My art practice explores what remains amidst flux—what endures across time, through loss, memory, and transformation. As a long-time meditation practitioner I begin each piece in stillness and allow it to unfold in dialogue with material and moment. This process mirrors the inner life: the way memories surface and recede, the way presence gathers around absence.

I work in layered media to trace the slow rhythms of time: the swell and ebb of tides, the erosion of stone, the drift of wind across sand. These are quiet forces that speak of endurance and impermanence, echoing my core question: What persists? Each piece is a kind of ecology—a meeting place of matter, memory, and motion. I see this practice as an act of attention and reverence—a way to witness the more-than-human world and reflect the interdependence we so often forget. The natural world does not ask to be remembered; it asks to be honored and upheld as the beautifully alive presence she is.

My work is a layered conversation—between media, memory, and the unknown. I begin each work with no fixed destination, only the curiosity of what the material might want to become. I work with pencil, found objects, charcoal, inks, acrylic, monotype, and photography—building palimpsests that carry traces of what came before. Some marks are buried. Some reemerge. It’s a process of obscuring and revealing, of listening for the image beneath the surface.

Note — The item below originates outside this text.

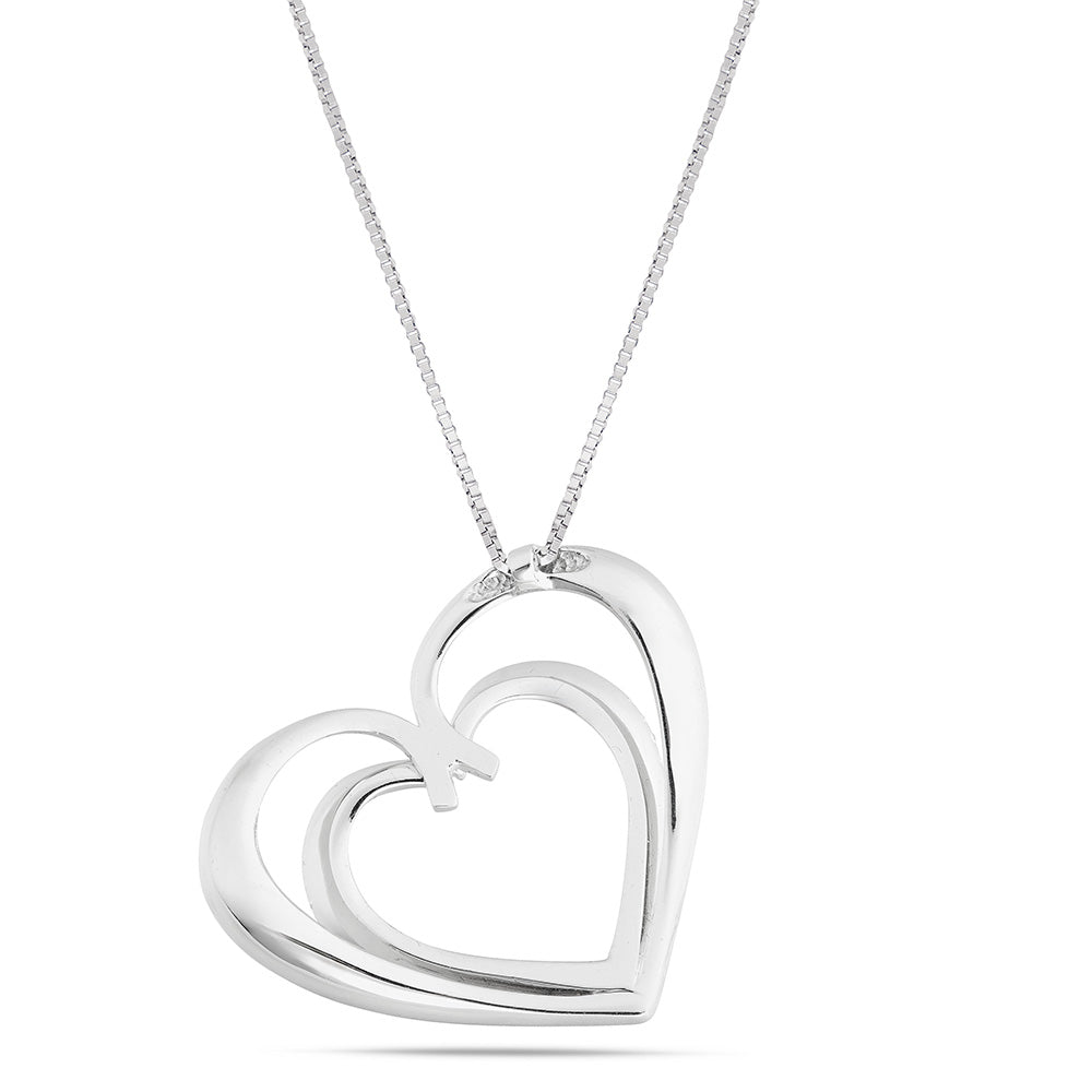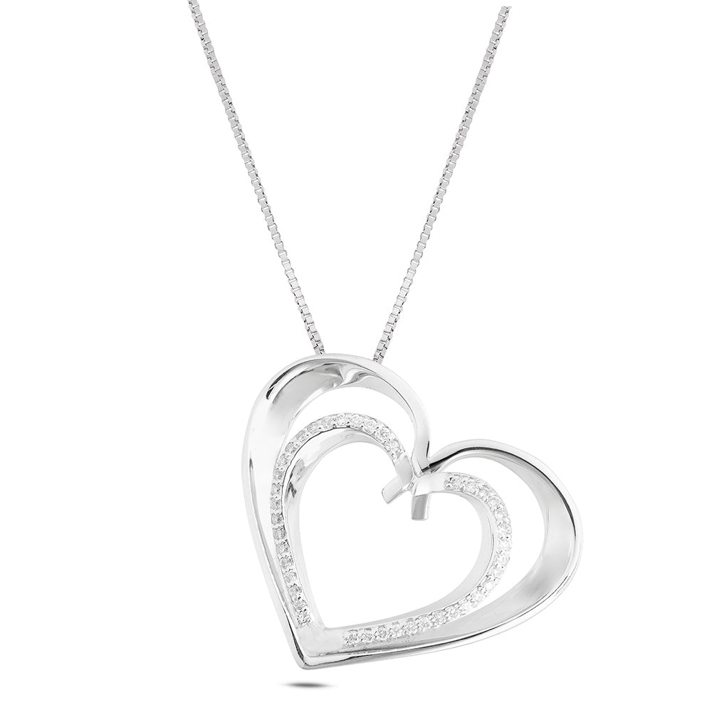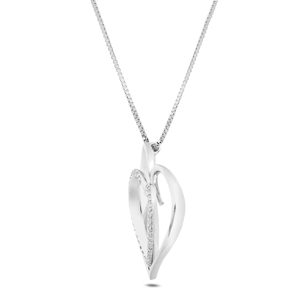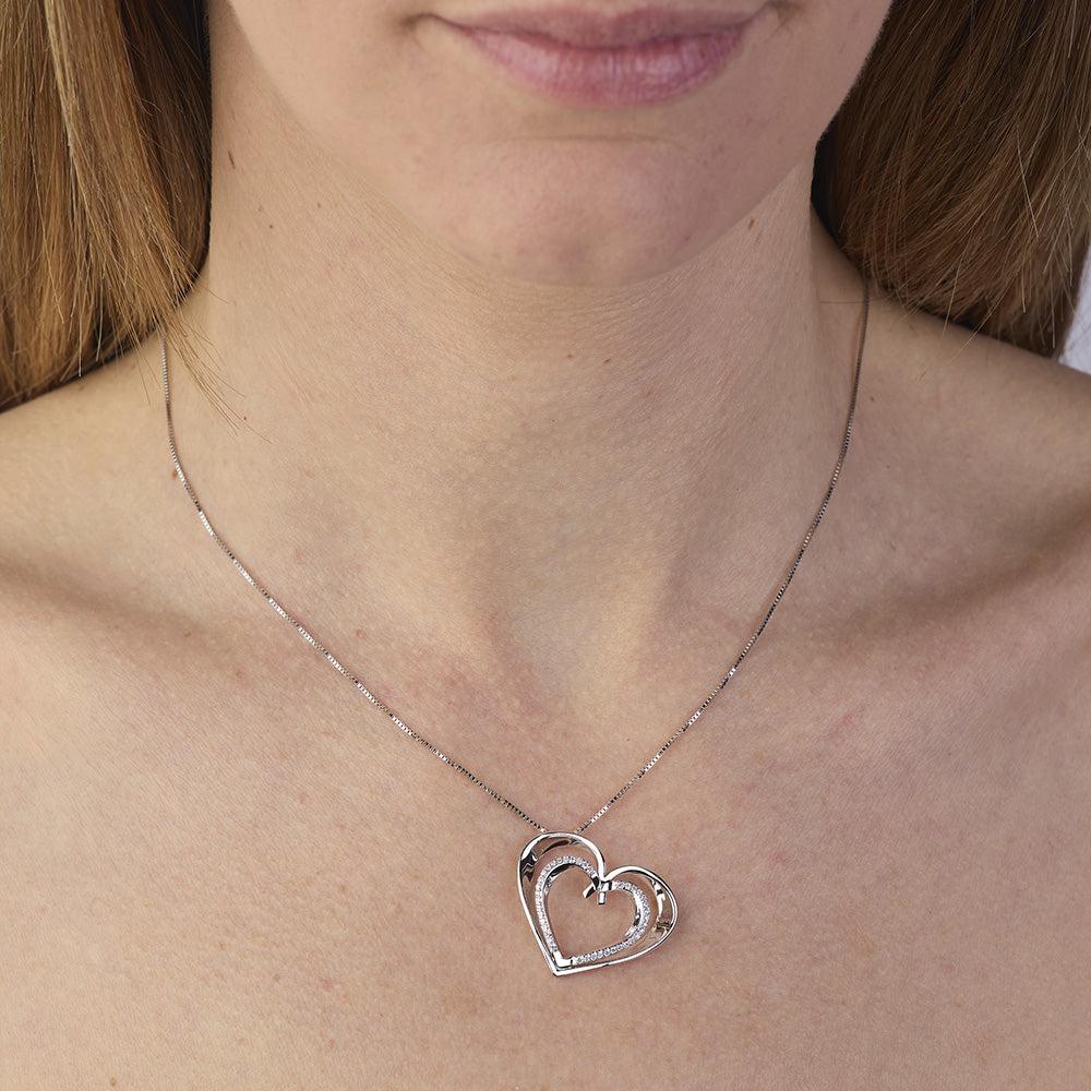 La collana presenta una delicata catena veneziana in oro bianco, che regge un ciondolo a forma di cuore dal design esclusivo. L'elemento esterno, con una finitura specchiata, incornicia un cuore più piccolo, impreziosito da 40 diamanti di Ct. 0,19, Colore G e Purezza SI1. Le gemme, incastonate con la tecnica artigianale del "filo-griffe", donano al gioiello una luminosità straordinaria, catturando ogni raggio di luce.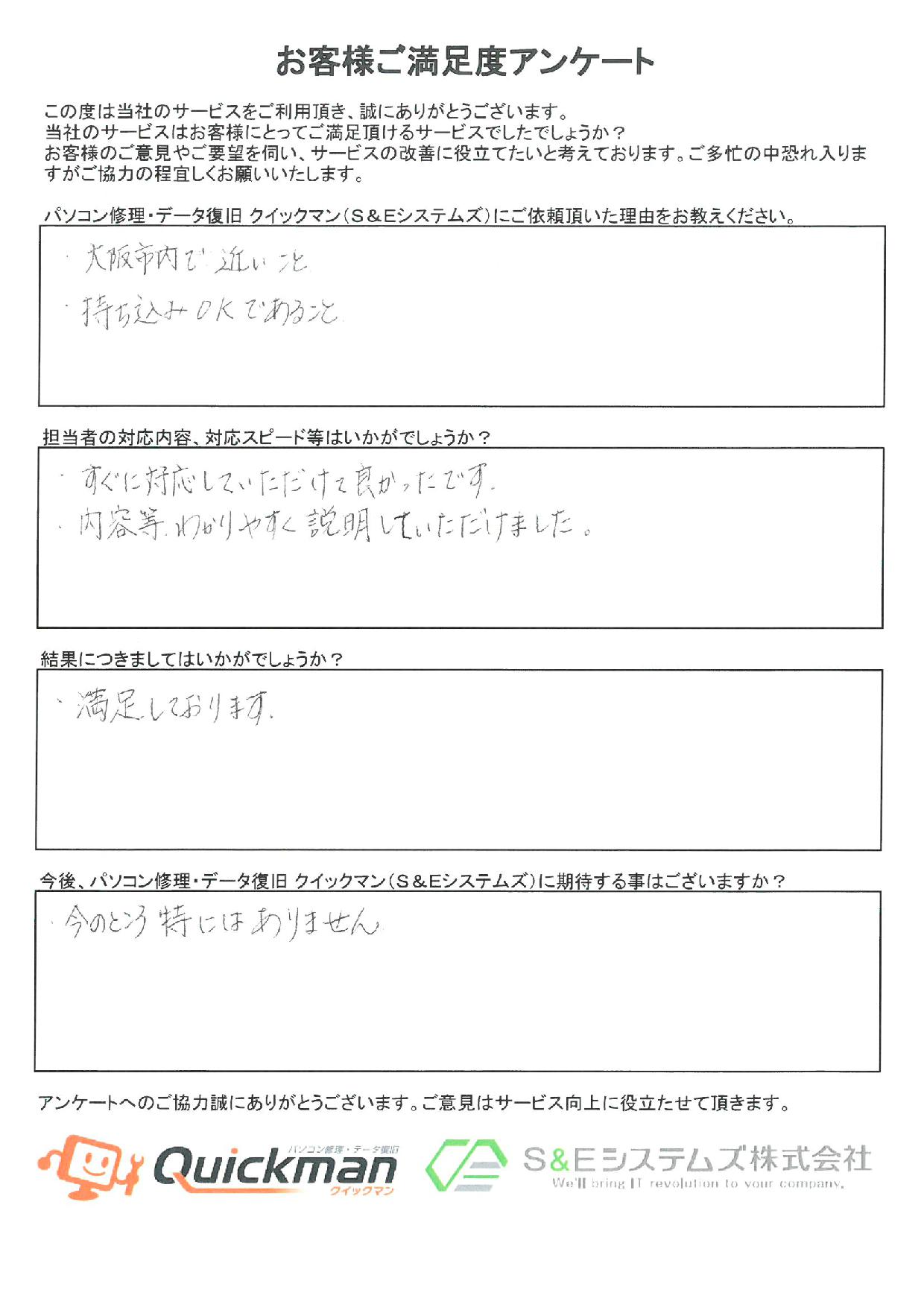 他社様で復旧できなかった重度障害のハードディスクのご対応をさせていただいた女性のお客様

At times I work simply—transparent washes, dripping paint, stains and gestures. Other times, the canvas becomes a site of excavation, where history presses forward through texture and shadow. There is always something left behind—a trace, a scar, a whisper of form. This layering reflects the way we live: in moments accumulated, in histories embedded in the body, in stories half-remembered.

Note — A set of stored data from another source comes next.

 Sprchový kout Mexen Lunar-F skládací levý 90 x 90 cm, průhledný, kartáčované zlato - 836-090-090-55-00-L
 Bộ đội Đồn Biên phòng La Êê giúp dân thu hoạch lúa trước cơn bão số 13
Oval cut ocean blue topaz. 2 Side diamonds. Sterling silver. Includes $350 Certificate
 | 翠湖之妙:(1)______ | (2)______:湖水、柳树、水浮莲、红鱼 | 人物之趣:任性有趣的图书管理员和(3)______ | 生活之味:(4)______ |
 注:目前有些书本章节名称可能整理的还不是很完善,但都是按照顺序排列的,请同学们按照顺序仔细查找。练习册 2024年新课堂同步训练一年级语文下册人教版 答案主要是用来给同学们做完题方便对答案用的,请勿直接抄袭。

My art is a devotional act, not in a religious sense, but as an offering of attention. I follow the drift of ink, the gesture of a brush, the surprise of a print lifted from the press. Through this attentiveness, I hope to hold space for fierce compassion—for a kind of seeing that is both tender and unflinching. In a culture often driven by speed and certainty, I offer slow questions. My work is not an answer, but a place to rest in the asking.

My studio practice is meditative. It’s a space for fierce compassion—where I meet complexity with kindness, and invite ambiguity to speak. I don’t paint to capture something, but to be in relationship with it. In this way, the work becomes a field of presence—alive, changing, incomplete, and wholly itself.